Start of DATA SHOWN
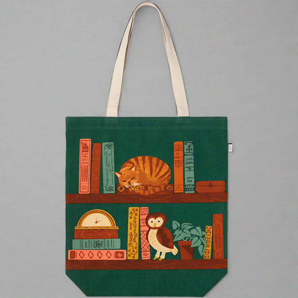 For bookworms and cat lovers alike, our Book Club Cat Tote is the purr-fect everyday companion. This cozy design features an orange tabby cat napping atop a bookshelf, surrounded by books, against a calming green backdrop with earthy tones. It’s basically the tote version of curling up with a good read (minus the cat hair).
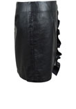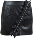 Possui acabamento resinado, fecho em zíper e babados decorativos.
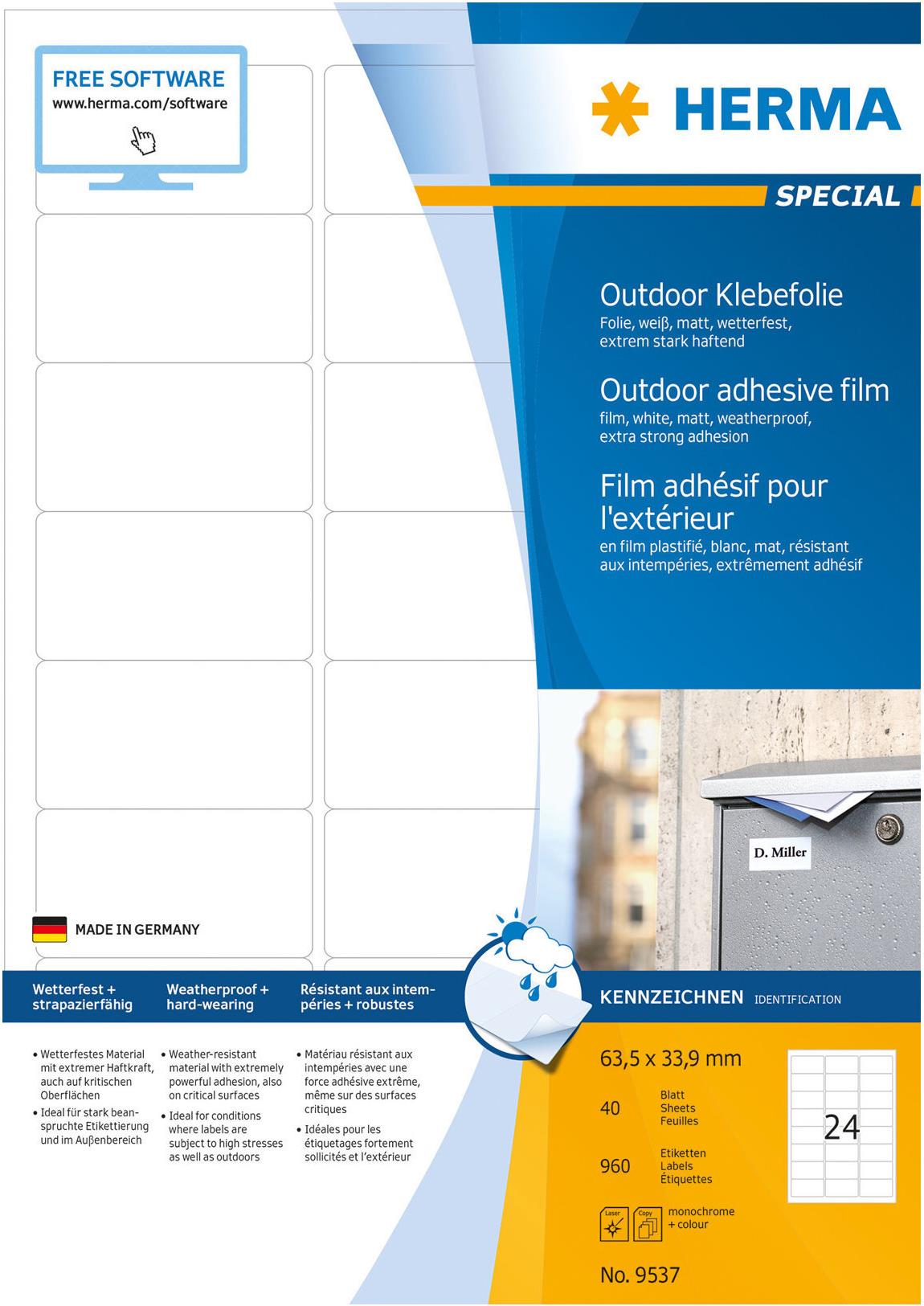 HERMA Special - Polyethylen (PE) - matt - extra strong self-adhesive - weiß - 63,5 x 33,9 mm 960 Etikett(en) (40 Bogen x 24) Folienetiketten (9537)
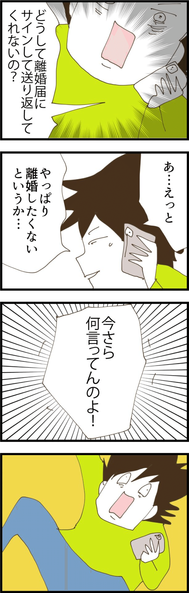 いつまで待ってもサインした離婚届が返送されず、痺れを切らした妻は夫に催促の電話をかけます。
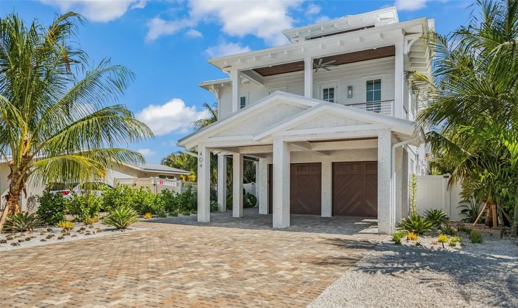 This recently constructed home on Anna Maria Island overlooking a stunning canal is just one block from the pristine Gulf of Mexico beaches and a short walk to the restaurants and boutiques on Pine Ave. This luxurious 5-bedroom, 5.5 bath retreat offers a spectacular backyard with a private pool and swim up bar, in-ground spa, a covered shellcrete patio with seating, a ping pong table, and a BBQ grill. The coastal home features two garages and a private drive accommodating four vehicles. The main living floor has an open layout with bright natural lighting, a plush living area with sofas and a TV. The kitchen is equipped with upgraded stainless steel Bosch appliances and quartz countertops. There are many dining areas including the cozy kitchen nook, kitchen island, formal dining room, or on the balcony overlooking the canal. The 5 beautifully designed bedrooms feature elegant decor, chic furnishings, bedside lighting, and ensuite bathrooms. The second floor houses 3 bedrooms with king beds and full baths, a half bathroom for guest use, and a walk-in laundry room with a washer and dryer. The third floor includes a seating area with a table and chairs, a TV area, a wet bar, and two primary suites accessible by elevator or stairs. These suites feature king beds, private terraces, walk-in closets, and ensuite bathrooms with large glass-walled showers. Additionally, the rooftop deck provides an ideal spot for relaxation and taking in the views. This home offers a blend of luxury, comfort, and convenience, making it an exceptional choice for your Anna Maria Island life!!
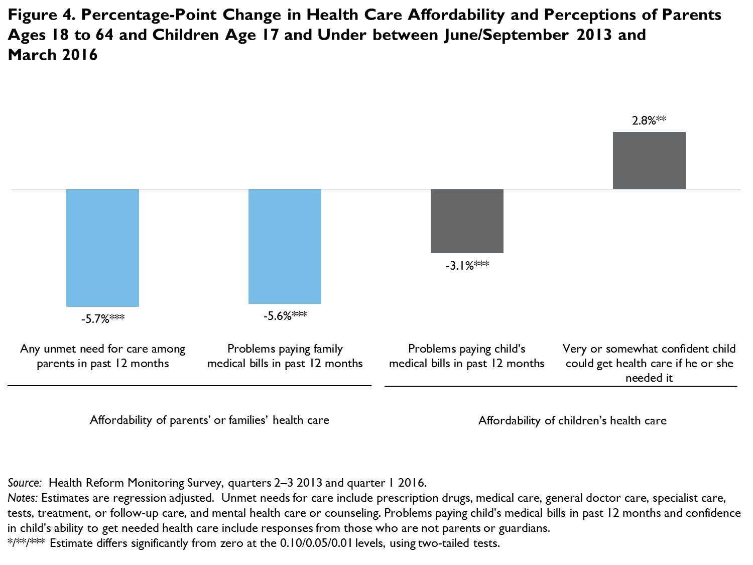 There were gains in reported health care affordability as reflected in several indicators. The share of parents who had an unmet need for care because of affordability reasons in the past 12 months fell 5.7 percentage points (95% CI [4.0, 7.4]) between June/September 2013 and March 2016 (figure 4).12 There was a 5.6 percentage-point decline (95% CI [3.0, 8.1]) in the share of parents reporting problems paying family medical bills and a 3.1 percentage-point decline (95% CI [1.1, 5.1]) in the share of adults reporting problems paying a child’s medical bills. Respondents were also 2.8 percentage points (95% CI [0.5, 5.0]) more likely to say they were confident that their child could get health care if he or she needed it. However, many parents, particularly those who are uninsured (data not shown), still struggled to afford health care, with 25.0 percent reporting an unmet need for care and 21.1 percent reporting problems paying family medical bills in March 2016 (appendix table 1).
End of DATA SHOWN
HOW TO COMPLETE THIS TASK
Nothing but the lines from the one with "HERMA Special - Polyethylen" up to and including the one with "いつまで待ってもサインした離" should be printed, exactly as they read above. Please keep the pictures out.

EXERCISE OUTPUT
 HERMA Special - Polyethylen (PE) - matt - extra strong self-adhesive - weiß - 63,5 x 33,9 mm 960 Etikett(en) (40 Bogen x 24) Folienetiketten (9537)
 いつまで待ってもサインした離婚届が返送されず、痺れを切らした妻は夫に催促の電話をかけます。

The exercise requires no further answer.